» **PROBLEM DETAILS**
The data is to be repeated exactly, with the images removed.

» **DATASET**
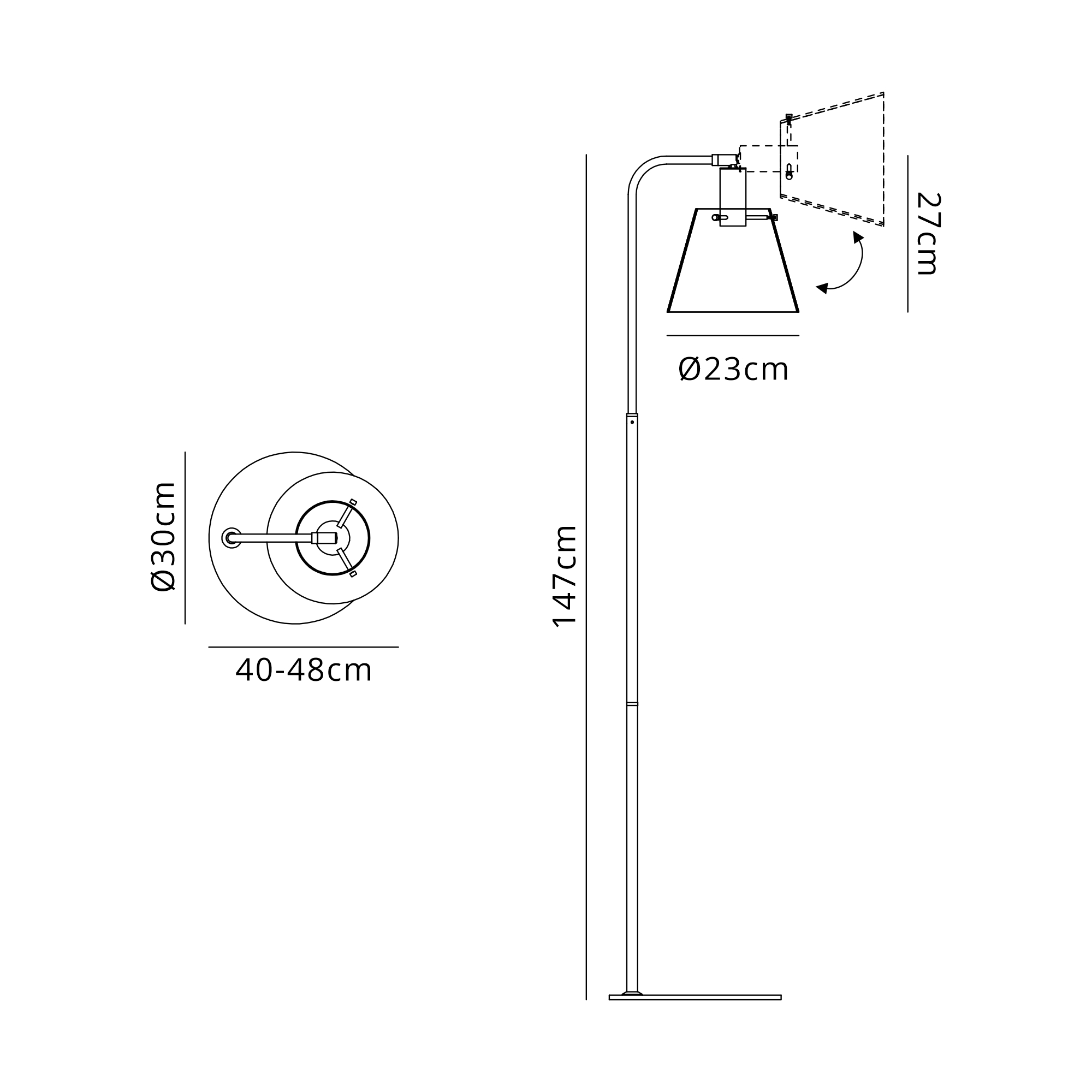 Shade Hole Diameter (mm) Top Hole D:130mm Bottom Hole D:230mm
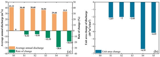 Analysis of the influence of SWCMs on the average annual discharge in the S1–S5 scenarios: (a) change rate of the average annual discharge, (b) unit area change of the average annual discharge.
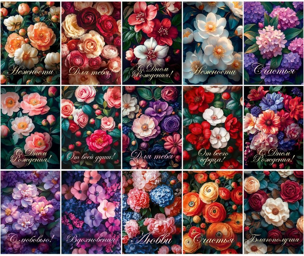 Набор открыток формата А7 представляет собой компактное решение для поздравлений и оформления подарков, рассчитанное как на розничное использование, так и на оптовые закупки для магазинов, цветочных салонов, офисов и служб доставки. Изделие выполнено из плотного картона, что обеспечивает стабильную форму, устойчивость к изгибам и износу при транспортировке и хранении, а также аккуратный внешний вид при передаче получателю. Размер каждой открытки около 100 × 70 мм позволяет удобно размещать ее в стандартных небольших конвертах или вкладывать в букет, коробку с подарком, пакет или сувенирную продукцию, не увеличивая общий объём отправления. Лицевая сторона оформлена детализированными цветочными композициями в насыщенной цветовой гамме с различными надписями поздравительного характера: «Нежности», «Для тебя», «С Днем Рождения», «От всей души», «От всего сердца», «Счастья», «Любви», «Благополучия» и другими, что делает набор универсальным для большинства поводов — дня рождения, юбилея, благодарности, знака внимания, корпоративных поздравлений. Внутренняя сторона открыток без текста, что удобно для тиражного использования: можно вписывать индивидуальные пожелания от руки, использовать фирменный штамп, наклейку с логотипом или печатный текст, адаптируя содержание под конкретное мероприятие или бренд. Отсутствие дополнительной отделки упрощает складирование, позволяет компактно размещать открытки в витринах, на стойках или в кассовой зоне и снижает риск повреждения поверхности при частом перелистывании покупателями. В упаковке 1, что удобно для поштучной выкладки, формирования ассортимента из разных дизайнов и гибкого управления остатками на складе. Набор открыток может использоваться как самостоятельный товар, как сопутствующий продукт к подарочной и цветочной продукции, а также в качестве расходного материала для офисов и сервисных компаний, где требуется регулярное оформление поздравлений клиентам и партнёрам.
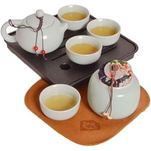 TeaSoul Set in Porcellana Ru Verde - Teiera, Due Tazze e Vassoio di Servizio
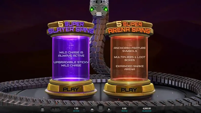 Participating in the Slayer Free Spins awards 5 free spins. During the Slayer Free Spins, the snake is always awake and hunting for Slayers. On each spin, Slayers 1 and s randomly appear at the base of the reels. Each Slayer has a multiplier ranging from 2x to 1000x. The Slayer’s position and multiplier values change with each Slayer appearance. If the snake selects a reel with a Slayer at the base, it launches an attack. The Slayer at the base of the reel defends it and jumps to stop the snake’s fall. When a link is created between a Slayer and a Slayer, the Slayer becomes a Wild symbol, and its multiplier is added to it. When a link is created between a Slayer and a Slayer, the snake will continue its hunt if additional Slayers appear. The Wild Chase feature continues until all Slayers have been attacked and defended, or until the snake selects a reel without a Slayer to attack. If more than one reel is protected from attack and is Wild, their multipliers are added together when calculating wins. Landing three Scatter symbols during Slayer Free Spins will award an additional 5 spins. Landing four Scatter symbols during Slayer Free Spins will increase the number of remaining spins and also add 5 additional spins to the Super Slayer Free Spins. Slayer Free Spins will end once all spins have been completed.
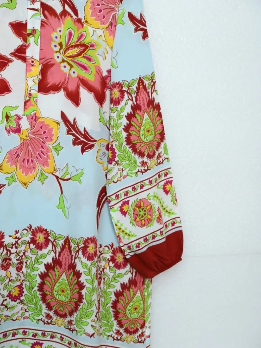 Çiçek Desenli Yarım Düğmeli Pamuk Viskon Tunik -Kiremit
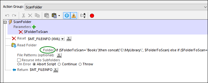 L’exemple de bibliothèque d’action de serveur décrit dans cette rubrique est ServerLibrary.mtd, qui est situé dans le dossier ServerActionLibraries du dossier des Tutoriels. Vous pouvez ouvrir ce fichier server-library et cliquer sur le bouton Groupes d’action pour aller à la définition du Groupe d’action appelé ScanFolder (capture d’écran ci-dessous).
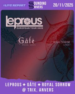 Cette soirée au Théâtre de Béthune aura été un véritable voyage scandinave, porté par trois propositions plutôt différentes mais parfaitement complémentaires. Royal Sorrow a ouvert la voie avec une solide démonstration de metal progressif moderne, Gåte a ensorcelé la salle avec son folklore réinventé et sa magie nordique, et Leprous, fidèles à leur réputation, ont livré un set puissant, généreux et profondément habité. Une soirée où la musicalité, l’émotion et l’intensité n’ont jamais cessé de monter et dont on ressort avec l’impression d’avoir traversé trois mondes en une seule nuit.
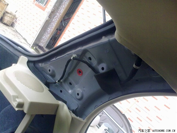 下图这里看出,从后面顶棚看进去,其实我们的早期风云2三箱车是有预留车顶灯的,而且还有天窗接线头啊,配置不少也。要是有意思的话可以自己搞个天窗。
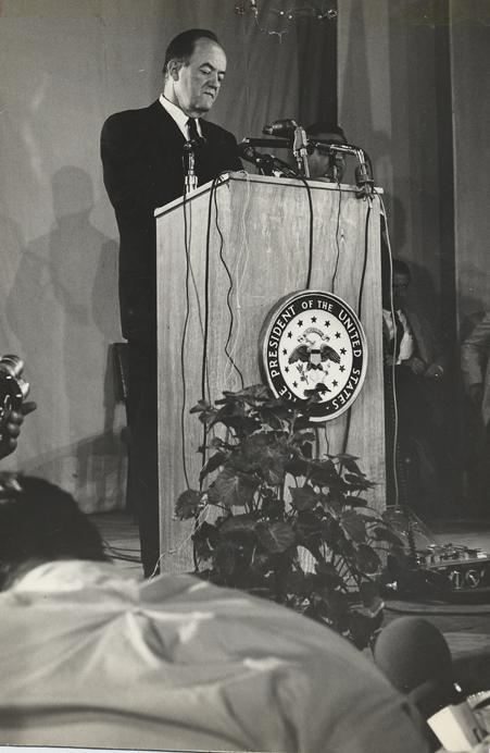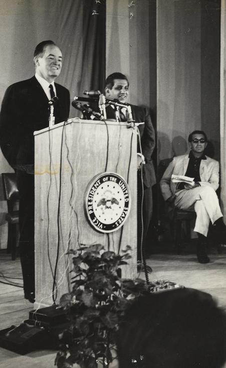 In Saigon during February 1966, Vice President Humphrey visited with Ambassador Lodge and other American diginitaries as a part of a Vietnam War fact-finding tour. These photographs were taken during a press conference given by the VP. Photo by Robert C. Lafoon US Army Sp Photo Det, Pacific
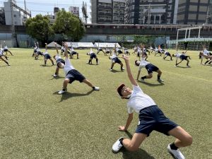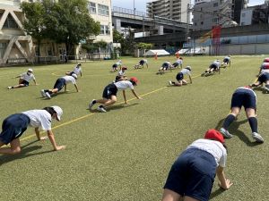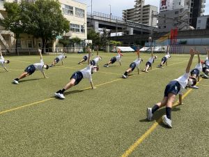 (以下の運動場での練習は、昨日のものです。)
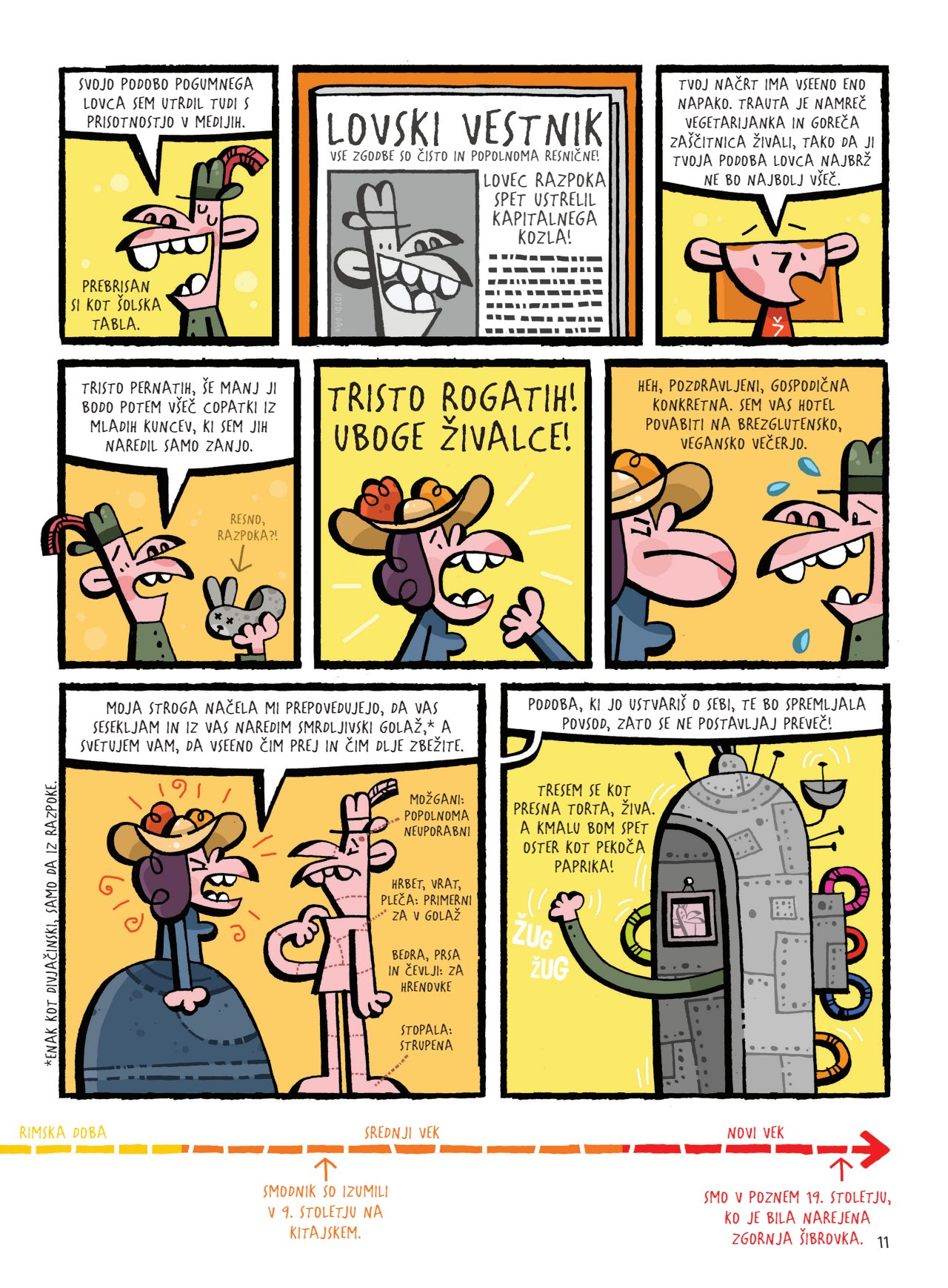 Zgodovina je resna stvar in je o njej treba govoriti v temu primernem resnem, zbranem in strokovno podkovanem tonu. Stripe sva napisala skupaj z Žigo Gombačem, narisal pa sem jih sam.
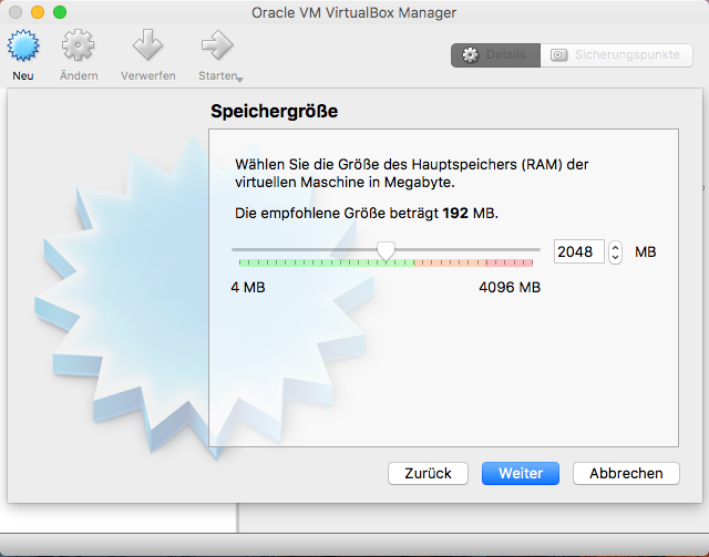 Je nachdem wieviel in deinem Mac an Arbeitsspeicher verbaut ist, weist du der virtuellen Windows Maschine einen bestimmten teil zu. Selten wird mehr als 2GB benötigt, mehr als 3,8GB sind nicht notwendig. Beachte aber bitte, dass der Arbeitsspeicher hier bereits beim Starten der virtuellen Maschine zugewiesen wird und dadurch das macOS langsamer werden kann wenn du nicht ausreichend Speicher verbaut hast.
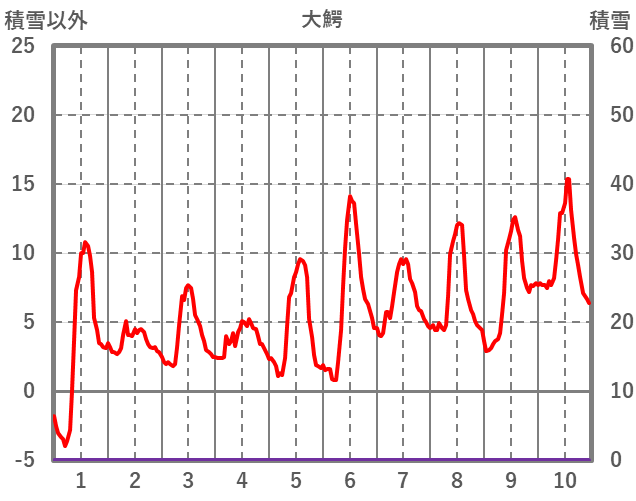 | 日 | 時 | 気温 | 降水 | 風向/風速 | 日照 | 積雪 | 降雪 |
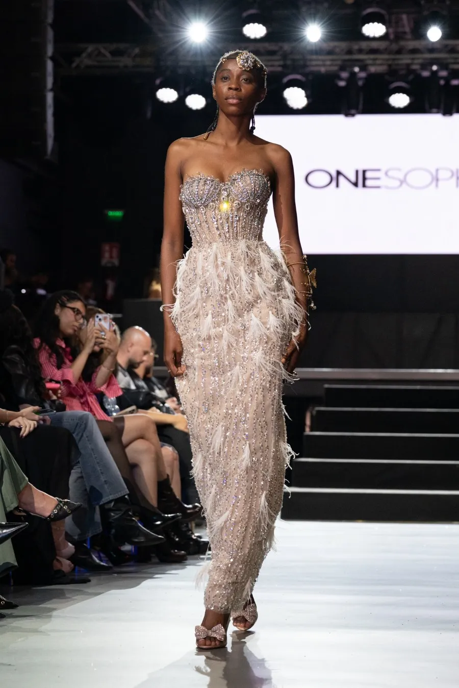 From Colombia, Laura Escobar brought her luxury brand Lediel to Milan—already featured in Vogue and previously shown at Paris Fashion Week. The runway also featured ONESOPHIE from Milan, with every piece hand-embroidered by Italian artisans, and Par.Lune from South Korea, blending oriental atmospheres into genderless garments.
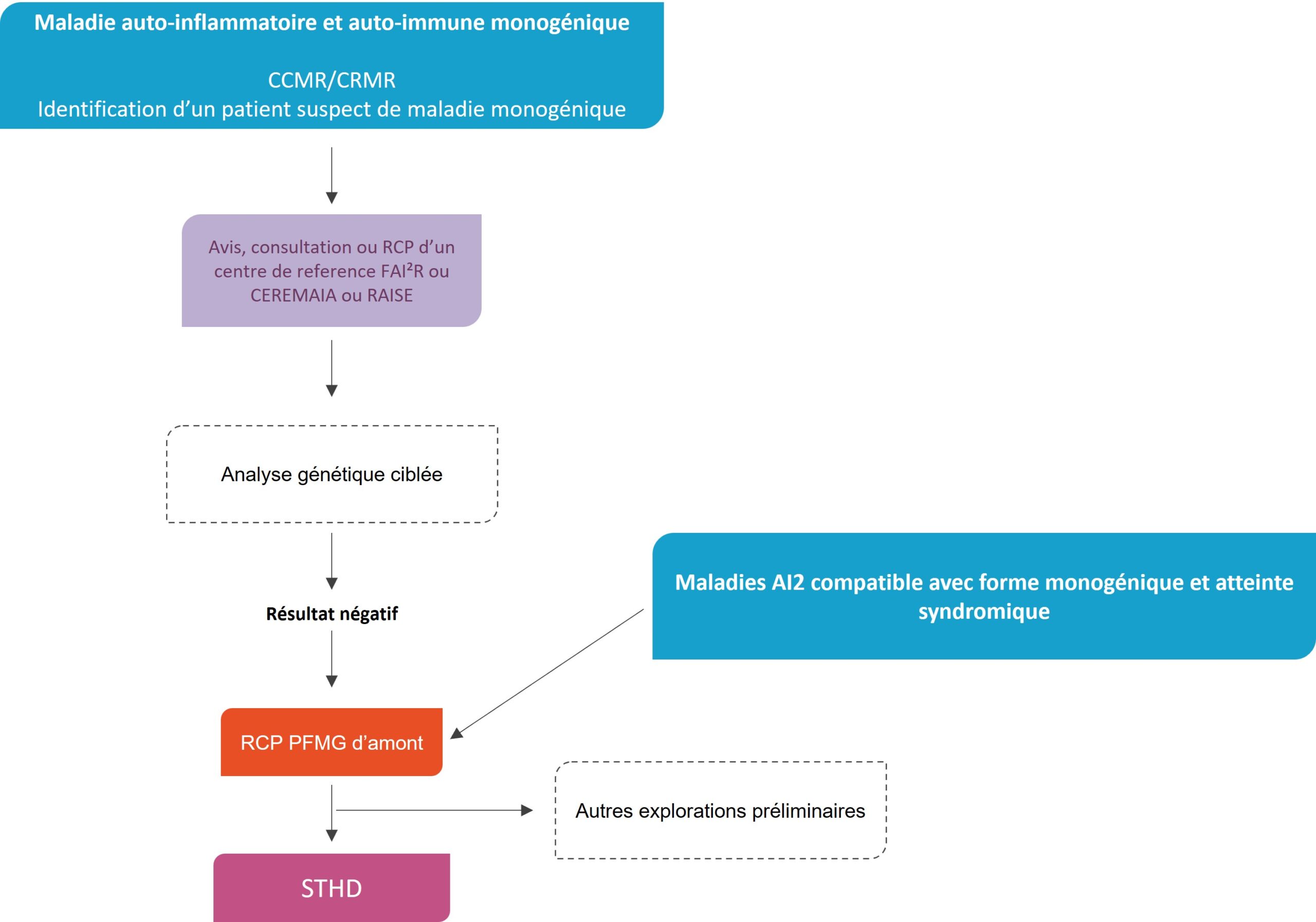 Pour les patients présentant des éléments en faveur d’une maladie auto-immune ou auto-inflammatoire monogénique, discutés lors des RCP nationales FAI²R (ou celles des CRMR CEREMAIA ou RAISE) et pour lesquels les analyses génétiques proposées ne sont pas contributives, un séquençage de l’ensemble du génome (Whole Genome Sequencing, WGS) avec analyse en trio pourra être proposé.

» **COMPLETED TASK**
 Shade Hole Diameter (mm) Top Hole D:130mm Bottom Hole D:230mm
 Analysis of the influence of SWCMs on the average annual discharge in the S1–S5 scenarios: (a) change rate of the average annual discharge, (b) unit area change of the average annual discharge.
 Набор открыток формата А7 представляет собой компактное решение для поздравлений и оформления подарков, рассчитанное как на розничное использование, так и на оптовые закупки для магазинов, цветочных салонов, офисов и служб доставки. Изделие выполнено из плотного картона, что обеспечивает стабильную форму, устойчивость к изгибам и износу при транспортировке и хранении, а также аккуратный внешний вид при передаче получателю. Размер каждой открытки около 100 × 70 мм позволяет удобно размещать ее в стандартных небольших конвертах или вкладывать в букет, коробку с подарком, пакет или сувенирную продукцию, не увеличивая общий объём отправления. Лицевая сторона оформлена детализированными цветочными композициями в насыщенной цветовой гамме с различными надписями поздравительного характера: «Нежности», «Для тебя», «С Днем Рождения», «От всей души», «От всего сердца», «Счастья», «Любви», «Благополучия» и другими, что делает набор универсальным для большинства поводов — дня рождения, юбилея, благодарности, знака внимания, корпоративных поздравлений. Внутренняя сторона открыток без текста, что удобно для тиражного использования: можно вписывать индивидуальные пожелания от руки, использовать фирменный штамп, наклейку с логотипом или печатный текст, адаптируя содержание под конкретное мероприятие или бренд. Отсутствие дополнительной отделки упрощает складирование, позволяет компактно размещать открытки в витринах, на стойках или в кассовой зоне и снижает риск повреждения поверхности при частом перелистывании покупателями. В упаковке 1, что удобно для поштучной выкладки, формирования ассортимента из разных дизайнов и гибкого управления остатками на складе. Набор открыток может использоваться как самостоятельный товар, как сопутствующий продукт к подарочной и цветочной продукции, а также в качестве расходного материала для офисов и сервисных компаний, где требуется регулярное оформление поздравлений клиентам и партнёрам.
 TeaSoul Set in Porcellana Ru Verde - Teiera, Due Tazze e Vassoio di Servizio
 Participating in the Slayer Free Spins awards 5 free spins. During the Slayer Free Spins, the snake is always awake and hunting for Slayers. On each spin, Slayers 1 and s randomly appear at the base of the reels. Each Slayer has a multiplier ranging from 2x to 1000x. The Slayer’s position and multiplier values change with each Slayer appearance. If the snake selects a reel with a Slayer at the base, it launches an attack. The Slayer at the base of the reel defends it and jumps to stop the snake’s fall. When a link is created between a Slayer and a Slayer, the Slayer becomes a Wild symbol, and its multiplier is added to it. When a link is created between a Slayer and a Slayer, the snake will continue its hunt if additional Slayers appear. The Wild Chase feature continues until all Slayers have been attacked and defended, or until the snake selects a reel without a Slayer to attack. If more than one reel is protected from attack and is Wild, their multipliers are added together when calculating wins. Landing three Scatter symbols during Slayer Free Spins will award an additional 5 spins. Landing four Scatter symbols during Slayer Free Spins will increase the number of remaining spins and also add 5 additional spins to the Super Slayer Free Spins. Slayer Free Spins will end once all spins have been completed.
 Çiçek Desenli Yarım Düğmeli Pamuk Viskon Tunik -Kiremit
 L’exemple de bibliothèque d’action de serveur décrit dans cette rubrique est ServerLibrary.mtd, qui est situé dans le dossier ServerActionLibraries du dossier des Tutoriels. Vous pouvez ouvrir ce fichier server-library et cliquer sur le bouton Groupes d’action pour aller à la définition du Groupe d’action appelé ScanFolder (capture d’écran ci-dessous).
 Cette soirée au Théâtre de Béthune aura été un véritable voyage scandinave, porté par trois propositions plutôt différentes mais parfaitement complémentaires. Royal Sorrow a ouvert la voie avec une solide démonstration de metal progressif moderne, Gåte a ensorcelé la salle avec son folklore réinventé et sa magie nordique, et Leprous, fidèles à leur réputation, ont livré un set puissant, généreux et profondément habité. Une soirée où la musicalité, l’émotion et l’intensité n’ont jamais cessé de monter et dont on ressort avec l’impression d’avoir traversé trois mondes en une seule nuit.
 下图这里看出,从后面顶棚看进去,其实我们的早期风云2三箱车是有预留车顶灯的,而且还有天窗接线头啊,配置不少也。要是有意思的话可以自己搞个天窗。
 In Saigon during February 1966, Vice President Humphrey visited with Ambassador Lodge and other American diginitaries as a part of a Vietnam War fact-finding tour. These photographs were taken during a press conference given by the VP. Photo by Robert C. Lafoon US Army Sp Photo Det, Pacific
 (以下の運動場での練習は、昨日のものです。)
 Zgodovina je resna stvar in je o njej treba govoriti v temu primernem resnem, zbranem in strokovno podkovanem tonu. Stripe sva napisala skupaj z Žigo Gombačem, narisal pa sem jih sam.
 Je nachdem wieviel in deinem Mac an Arbeitsspeicher verbaut ist, weist du der virtuellen Windows Maschine einen bestimmten teil zu. Selten wird mehr als 2GB benötigt, mehr als 3,8GB sind nicht notwendig. Beachte aber bitte, dass der Arbeitsspeicher hier bereits beim Starten der virtuellen Maschine zugewiesen wird und dadurch das macOS langsamer werden kann wenn du nicht ausreichend Speicher verbaut hast.
 | 日 | 時 | 気温 | 降水 | 風向/風速 | 日照 | 積雪 | 降雪 |
 From Colombia, Laura Escobar brought her luxury brand Lediel to Milan—already featured in Vogue and previously shown at Paris Fashion Week. The runway also featured ONESOPHIE from Milan, with every piece hand-embroidered by Italian artisans, and Par.Lune from South Korea, blending oriental atmospheres into genderless garments.
 Pour les patients présentant des éléments en faveur d’une maladie auto-immune ou auto-inflammatoire monogénique, discutés lors des RCP nationales FAI²R (ou celles des CRMR CEREMAIA ou RAISE) et pour lesquels les analyses génétiques proposées ne sont pas contributives, un séquençage de l’ensemble du génome (Whole Genome Sequencing, WGS) avec analyse en trio pourra être proposé.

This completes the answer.